Cool as a cucumber

It was a good day for the Ednam House kitchen brigade when Ally Bell joined as Sous Chef in January 2017. Already a proven chef operating at a senior level, he brought to the team not only his cooking skills but also a flair for coaching and developing others. Five years on, and Ally has just been promoted to Head Chef and he’s still just as passionate about seeing others progress as he is about cooking.

Talk to Ally for five minutes and you’ll be drawn in by an infectious enthusiasm for the team and for Kelso itself.

And there are a lot of success stories to be proud of. Take Emma, now Ally’s second in command in a Senior Sous Chef role, who joined Ednam five and half years ago as a commis chef. Emma had been working with Ally at another restaurant back in 2017 when he suggested she joined the Ednam team too. With a lot of hard graft and hands on teaching, Emma’s risen through the ranks via a series of internal promotions. Then there’s Jacob who just four years ago was working front of house at Ednam but keen to get into the kitchen. With guidance from Ally, on the job training and a genuine passion for cooking, Jacob is now heading to join Jason Atherton’s flagship Michelin starred restaurant Pollen Street Social as a Demi Chef de Partie. Ally is sad to be losing a valued member of staff, but you can’t stifle talent and he’s delighted that Jacob has seized this opportunity.

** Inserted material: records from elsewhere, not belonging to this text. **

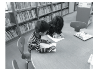
「としよかんクイズ」に挑戦

市内の各種団体名の「大竹市」「大竹」などは、原則省略しています。 Ray-wa information station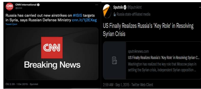
Görsel 3 Rusya'nın Savaşa Dahil Olmasına İlişkin Twitter Paylaşımları

CNN ve Sputnik 1 Eylül tarihinde Rusya tarafından düzenlenen operasyonları Twitter hesaplarında şu şekilde duyurmuşlardır;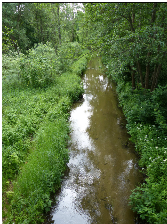
3. Rzeka Kortówka - teren 20Wp wraz z przyległymi terenami 04ZN (po lewej) i 05ZN (po prawej)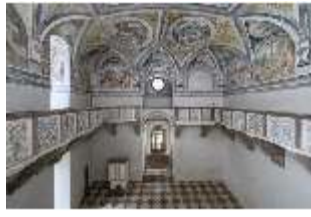
ND.II, Schosskapelle, Innenansicht, DI003555, BSV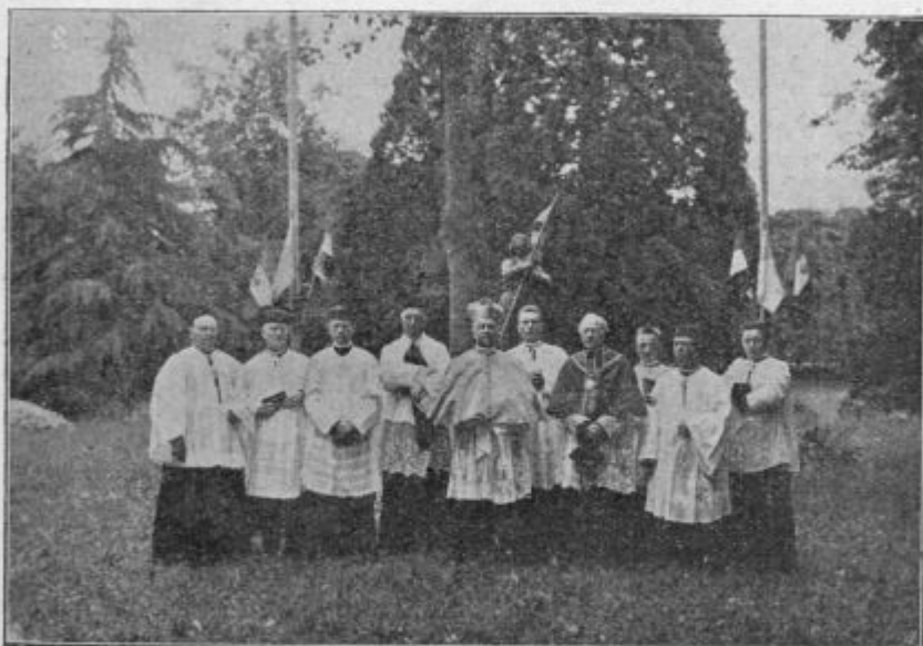
Poslanstvo naših 8 dūhovnikov z dvema francozkima v Toursi.

kom proti Rim váraši šo, naj bi ga pod svojo oblast spravo. Po poti vse národe, štere je samo sréčo, doli dao spoklati. Samo od sébe se razmi, nišče je nej svoj šinjek njemi pod sablo ponūjo, nego je bežo pred njim, kak je mogo. Poleg morja je bio eden máli národ, štéri je z ribičijov držo gori svoj žitek i trgovino meo zdrūgimi. Gda je té narod zvedo, ka Attila, koga so za; „Božibič“ imenūvali, proti njim ide zandrūgim se v ladje poberéjo ino taki vkraj od sūhoga notri v morje odplavajo. Pa ka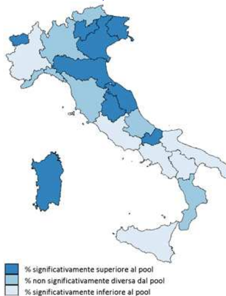
Controlli da parte delle Forze dell'Ordine negli ultimi 12 mesi Pool di Asl, PASSI 2010-12

La percentuale di intervistati sottoposti ad etilotest è stata del 10,8% nella ASL 2, del 12,9% in Toscana e dell'11,0% nel Pool di Asl.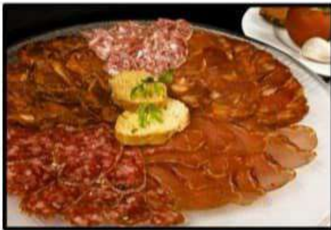
Surtido de Ibericos..... 16.10€ Iberian assortment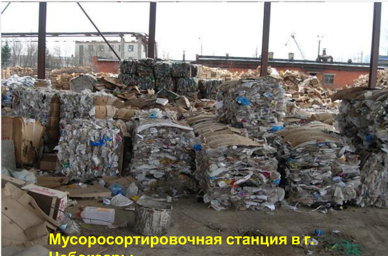
Мусоросортировочная станция в г. Чебоксары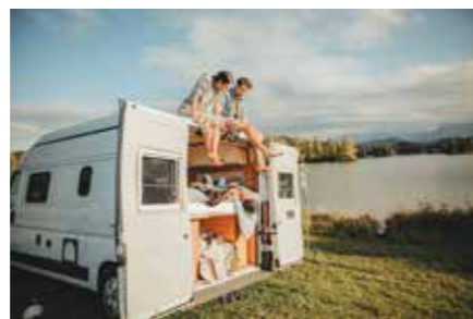
Nesselwang kampiranje ob Schwaltenweiher (Allgäu)

Vseeno pa je zanimiv podatek, da bi večina Nemcev, starih od 22 do 39 let, na počitnicah raje kampirala kot koristila ponudbo all inclusive. To pa zato, ker želijo počitnikarji v tej starostni skupini na počitnicah čim več doživeti. Ta trend opazno narašča zlasti od leta 2015.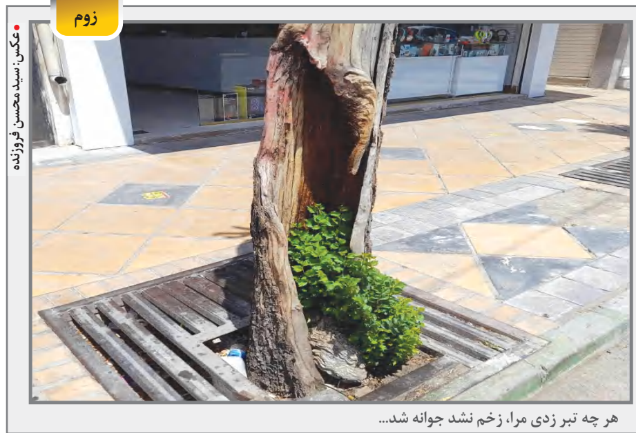
هر چه تیر زدی مرا، زخم نشد جوانه شد...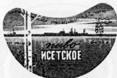
RUS - Пермь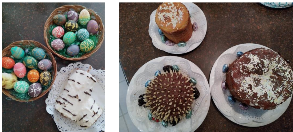
9 pav. Velykų stalo saldumynai ir margučiai. Nuotraukų autorė Audra Kubiliūtė-Daulienė, 2022, 2023 m.

Moters pateikiamas šventinių patiekalų valgiaraštis atskleidžia, kad Velykoms kepami ir saldumynai. Ne tik šiai šventei, bet ir kitomis „lietuviškoms“ progoms būdingi – „Napoleonas“, obuolių pyragas, pyragai „Avinėlis“, „Ežiukai“, „Beržo šaka“, tik Velykų stalui skirti saldėsiai – pascha ir velykinė boba arba babka (žr. 9 pav.).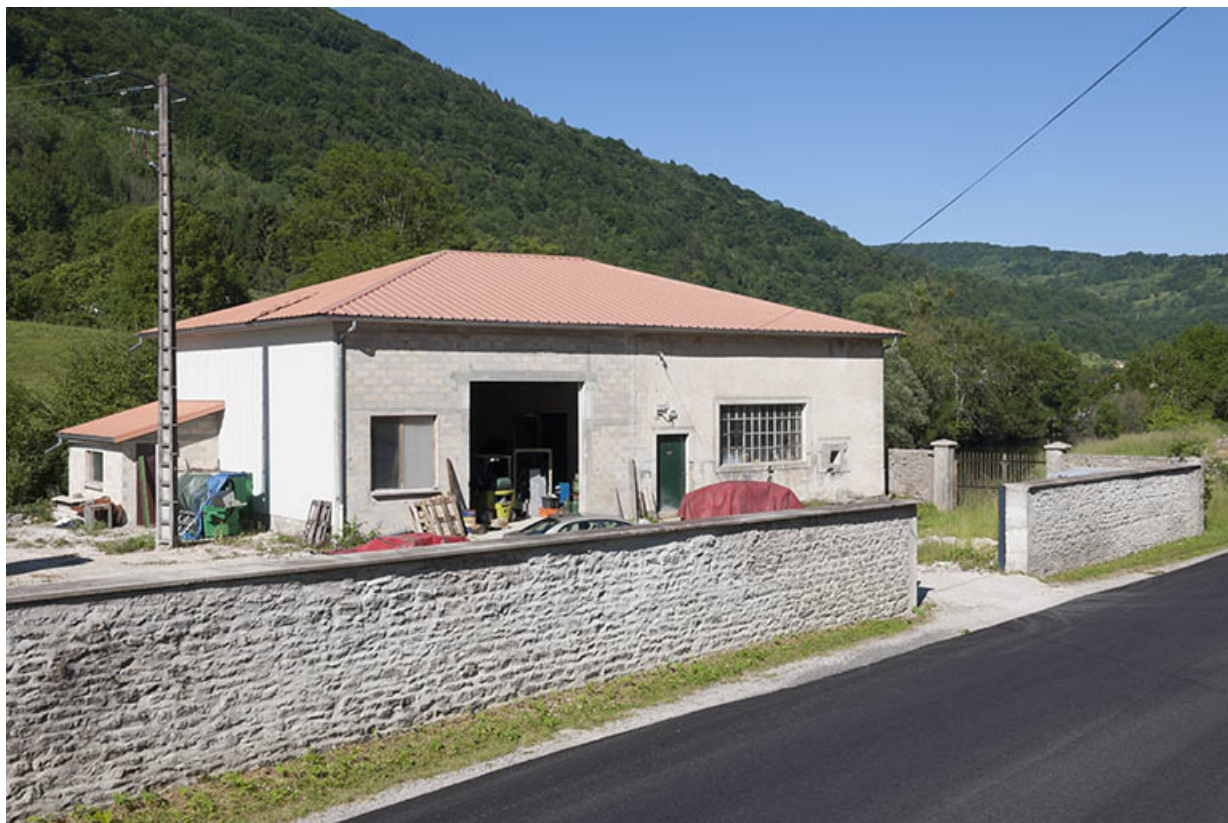
La centrale hydroélectrique.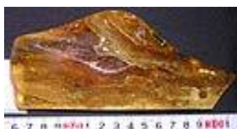
Hornets, Spider, Flies, Seed 中新世/南アメリカ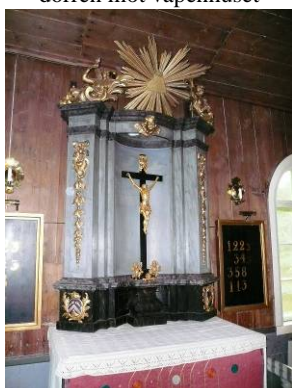
B 12 – Altarprydnaden fr. 1743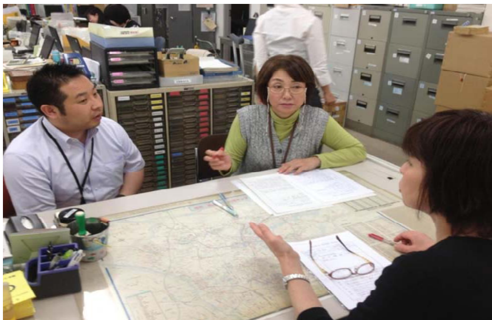
手話通訳をまじえた相談窓口の様子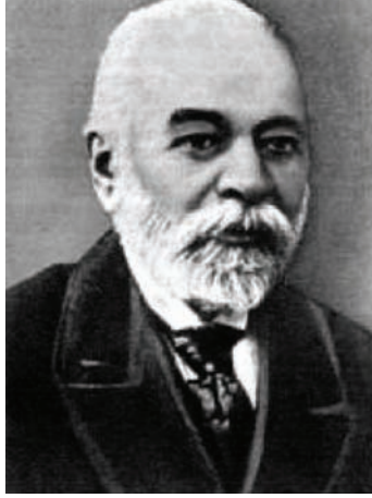
إسماعيل كمال بك رئيس الحكومة الألبانية المؤقتة.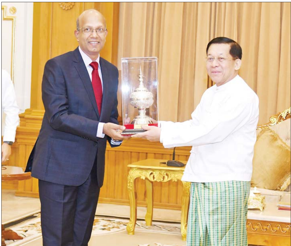
နိုင်ငံတော်စီမံအုပ်ချုပ်ရေးကောင်စီဥက္ကဋ္ဌ နိုင်ငံတော်ဝန်ကြီးချုပ် ဗိုလ်ချုပ်မှူးကြီး မင်းအောင်လှိုင် မြန်မာနိုင်ငံဆိုင်ရာ အိန္ဒိယနိုင်ငံသံအမတ်ကြီး H.E. Mr. Vinay Kumar အား ရင်းရင်းနှီးနှီးနှုတ်ဆက်စဉ်။

Onto the food itself and Ally is equally enthused. Describing Ednam’s food as classical with a lighter edge. For example, he’s taken a Scottish favourite, Chicken Balmoral: chicken stuffed with haggis, wrapped in bacon and dressed in a whisky sauce and refined it with a haggis bon bon, crispy bacon and “neep” fondant. Still rustic and hearty but with a lighter twist. Also new on the menu is the Scottish Salmon & King Prawns – a light autumnal dish served with beetroot from Ally’s own garden at home, mixed with bean risotto and finished with a refreshing salsa verde.



He’s passionate about using ingredients that are local and in season and the Apple Tarte Tatin just added to the dessert menu is a fine example. Made with apples grown less than half a mile from the hotel and accompanied by a homemade cinnamon ice cream and sultana granola it’s proof that sometimes the simple classics are the best.

Asked about how he plans to balance the ever-rising costs of ingredients with the need to produce fine dining menus and Ally is unfazed. In his view, reducing the cost price is largely effort-based.

Which is why he and the five-strong kitchen team at Ednam House added butchery to their already impressive skillsets. Taking on a whole pig or a hind quarter of a locally sourced steer gives the kitchen greater control of the cuts of meat used in the hotel menus but also saves money. Adopting a ‘nose to tail’ philosophy nothing is going to waste, with so called underrated cuts of meat now incorporated into dishes that are creatively executed by Ednam’s crew of chefs. Not only does the team now have full traceability of the meat, but they can achieve even greater diversification in the menus.

And being Ally, he uses this as an opportunity to teach the more junior chefs where the different cuts of meat come from. Using the whole animal as a teaching tool is proving to be an invaluable way to understand where the most tender cuts are located, and to teach the best ways to prepare and cook each cut. After all the less expensive cuts very often have the most flavour but take more time to prepare and cook.

One of the favourite bar starters at Ednam is the Lorne Sausage with a homemade “broon” sauce, the sausage recipe being one that Ally stole from his butcher uncle. It’s a great way to use up the mince from trimming down the beef, lamb and pork.

The greenhouses in the Ednam gardens are his next target having built up a permaculture hobby at home. He plans to start with lettuces and herbs and no doubt this will be executed with the usual quiet efficiency with which he approaches everything. Growing greens and growing teams.